Marsh vs. White & Cook.
The absolute owner of property, or an officer who has levied on it and is therefore a special owner, may maintain an action of trespass or trover, for an unlawful in-termeddling with such property by a stranger. And it is no defence, in the latter case, that there may be property enough remaining to satisfy t¡ie execution. ( Per Gridley, J.
Otherwise, however, when the suit is brought, not for a direct injury to the property itself] but to recover the consequential damages sustained by a judgment and execution creditor occasioned by the removal of property upon which he had acquired a lien by the levy of his execution.

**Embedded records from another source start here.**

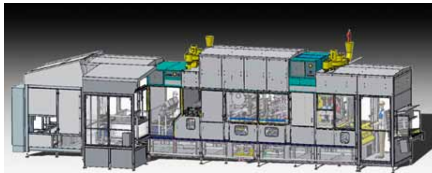
Längsläufer FOODLINER 20.000 Ultraclean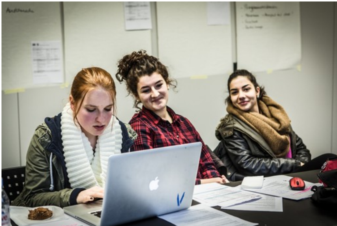
Letzter Schliff, bevor es auf Sendung geht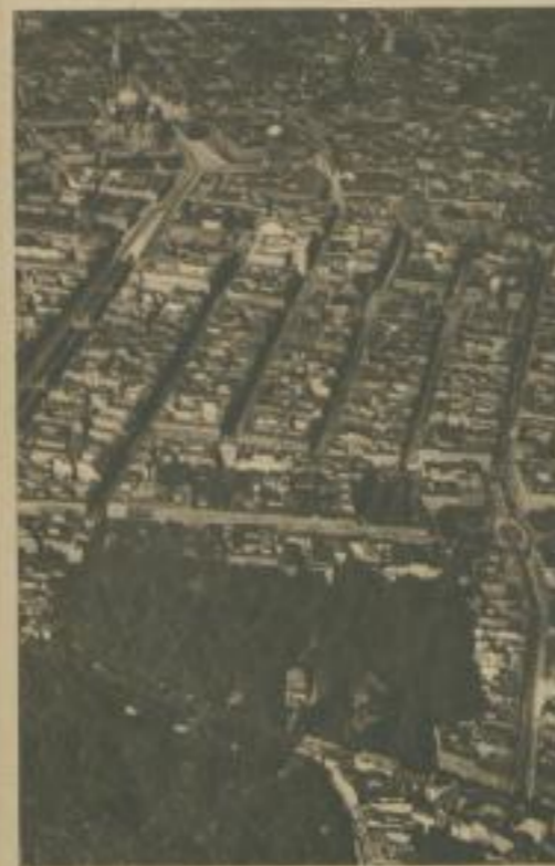
Das Blickfeld weitet sich: Flughafen Berlin. Im Hintergrund das Häusermeer

Dörfer an ihnen. So lauten Straßen ängstlich auseinander in die Weite; so suchen sie sich zu den Orten der Menschen. So geben die Ströme zum Meer. So ist die Führung der Eisenbahnen und der Kanäle. So reißt der Mensch mit Fabrikanlagen und Holzplätzen und Rodungen der Erde Wunden. So heilt er sie mit Gärten, Ackern, Dörfern.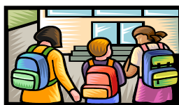
Figura clave del proyecto para la implantación de

un tercio del horario lectivo será en inglés. Con excepción de las asignaturas de lengua española y matemáticas, cualquier asignatura podrá impartirse en inglés. Cada centro tendrá autonomía para elegir las asignaturas que cursen en ese idioma. El programa también establece que cada colegio bilingüe cuente con una escuela "gemela" en el Reino Unido para facilitar los intercambios escolares.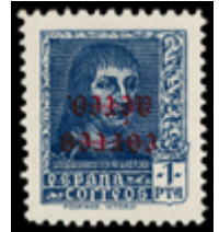
1560 250 €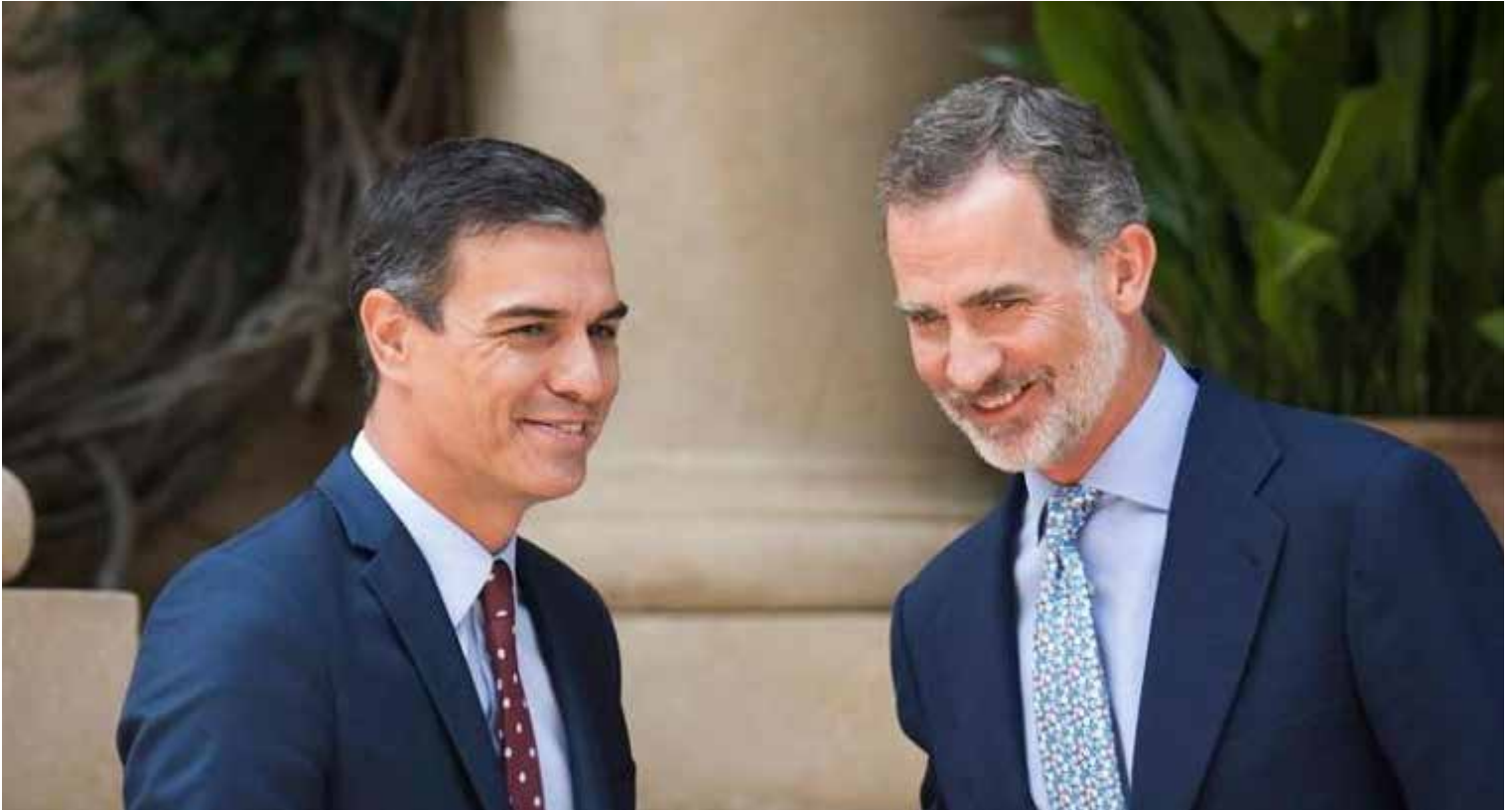
El presidente del Gobierno, Pedro Sánchez, con el rey Felipe VI.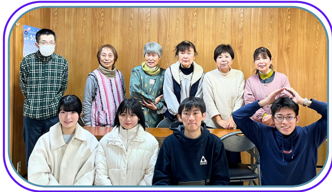
スタッフの皆さん

子ども達はお腹がいっぱいになると、それぞれ遊びに行きます。専福寺の本堂や八坂神社では、危なくないようにスタッフに見守られ、ボランティアの佐賀大学の学生さんと遊ぶ姿を見ました。寒い中でも元気いっぱい楽しげな声があふれていました。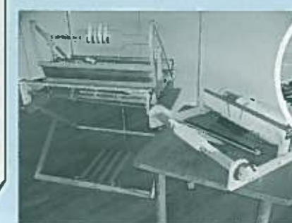
作品の一例と、織り機

織り機の特徴 自分の持つて生まれた感性を最大限に引き出し、常識や既成概念にとらわれず、自由奔放に、好きに好きに織る。そうすることで自分の秘められた感性が最大限に引き出されると考えています。出来上がった布は、自分でも驚くほど、自己の感性がそのまま表現されます。どなたでも簡単に織りを楽しむことができます。

Thus, where a judgment creditor sues an individual to whom the judgment debtor has transferred a part of the property levied upon by virtue of an execution, subsequent to the levy, for removing it, he must prove that he necessarily suffered damage by the act complained of: in other words, that there was not property enough left, to satisfy his execution.
The plaintiff in an execution cannot sue a stranger for removing property levied on, where it appears that therp was enough property left to satisfy the execution, and that the plaintiff has either released such residue, or lost his lien upon it by his own negligence.
Nor can a constable maintain an action against a stranger for taking away property levied on by him, after he has made a return upon the execution by which he, by order of the plaintiff, has formally released the levy. Per Gridley, J.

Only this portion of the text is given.